Its inner iron sifts

Stone - ore, is it?

Or, is it fire?

Intensi-fier of ions

Testi-fier of irony

Not sentry nor fortress

For stone is site to softness

Roots riot in it

Feisty ferns set nests to sit

Irises rise in neon fits

Roses tint if noses sniff

Too soon for trees

To roof off noon

For its terse first firs

One tiny forest frets

(E, F, I, N, O, R, S, T, Y)


Larches

This is where the aether starts

Tae heat the wan white heather

Hear with ears, and bear with hearts

The water, wind, and weather

(A, B, D, E, H, I, N, R, S, T, W)


Acceptance

I choose this sharp heart for me

Oh irregular jungle machine

Spinning coarse cloth from jute

(A, C, E, F, G, H, I, J, L, M, N, O, P, R, S, T, U)


I'm Chris, the Graduate Program Manager for Linguistics here at UW!

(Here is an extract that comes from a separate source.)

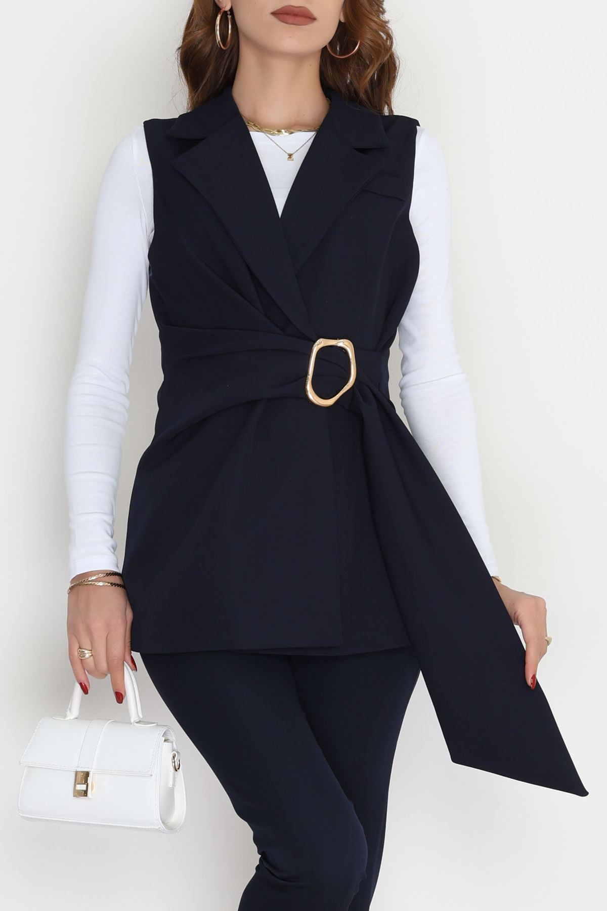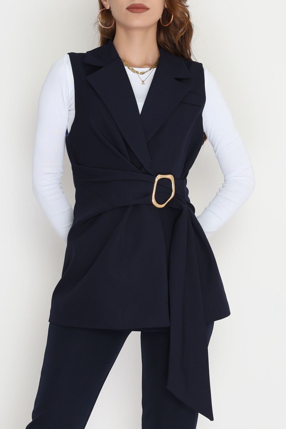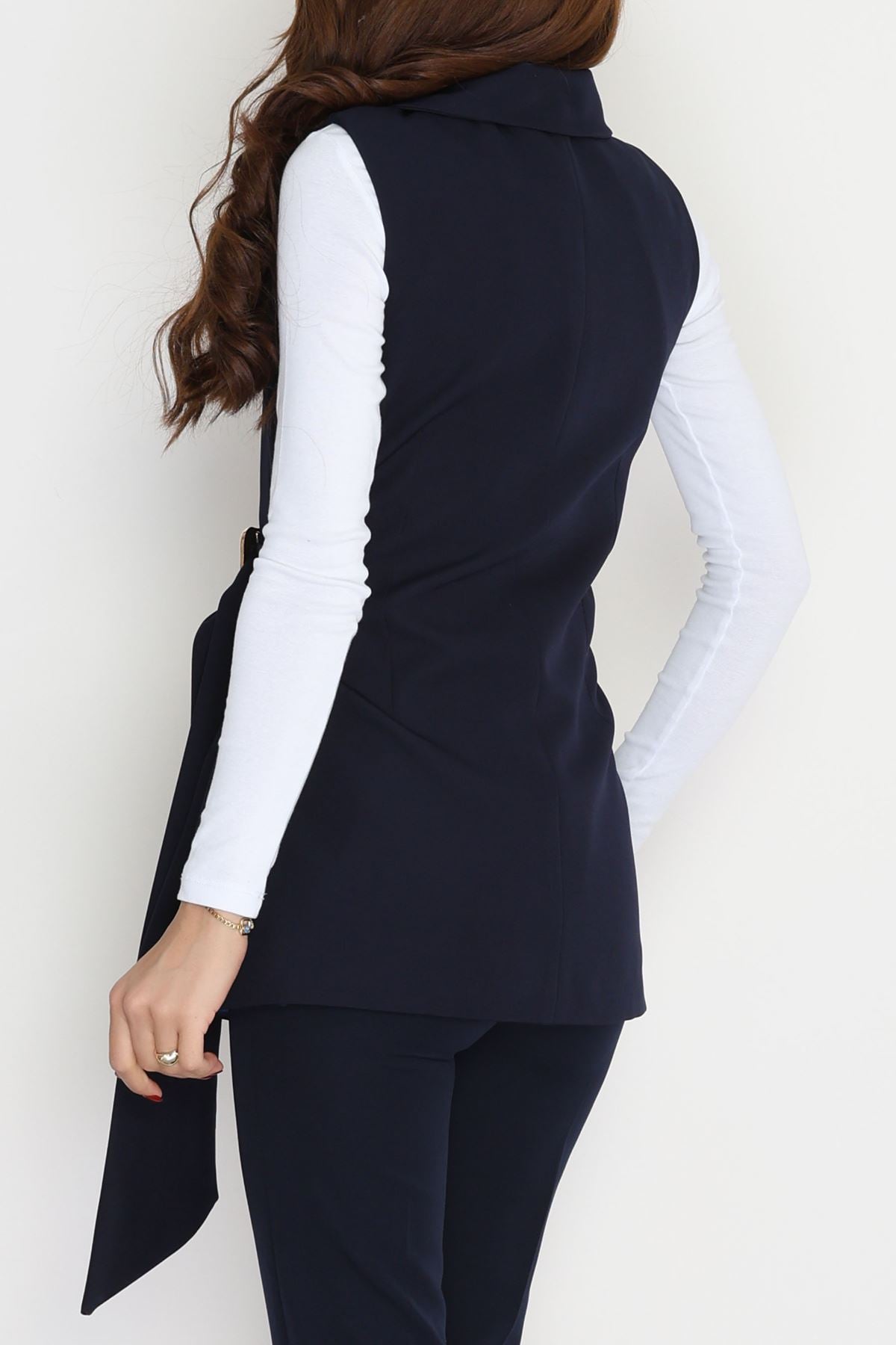 Dabıl Kumaş Bağlamalı Astarlı Yelek Lacivert - 31359.1397.

A "lipogram" is a form of constrained writing in which you exclude one or more letters. Many of my poems are extreme lipograms that only use letters from a short "seed phrase". That phrase could be the title itself (as in Tiny Forest), be the whole first line (as in Larches), or not appear in the poem at all (as in Acceptance). The constraint naturally leads to sound repetitions like alliteration and rhyme, and to interesting choices for words and phrasing.

It's challenging to search for words from such a small set of letters and then try to fit them together in a way that creates a coherent narrative or theme, or follows other constraints like meter and rhyme. Like a lot of creative work, it's often more about what you choose to exclude that can make a piece great.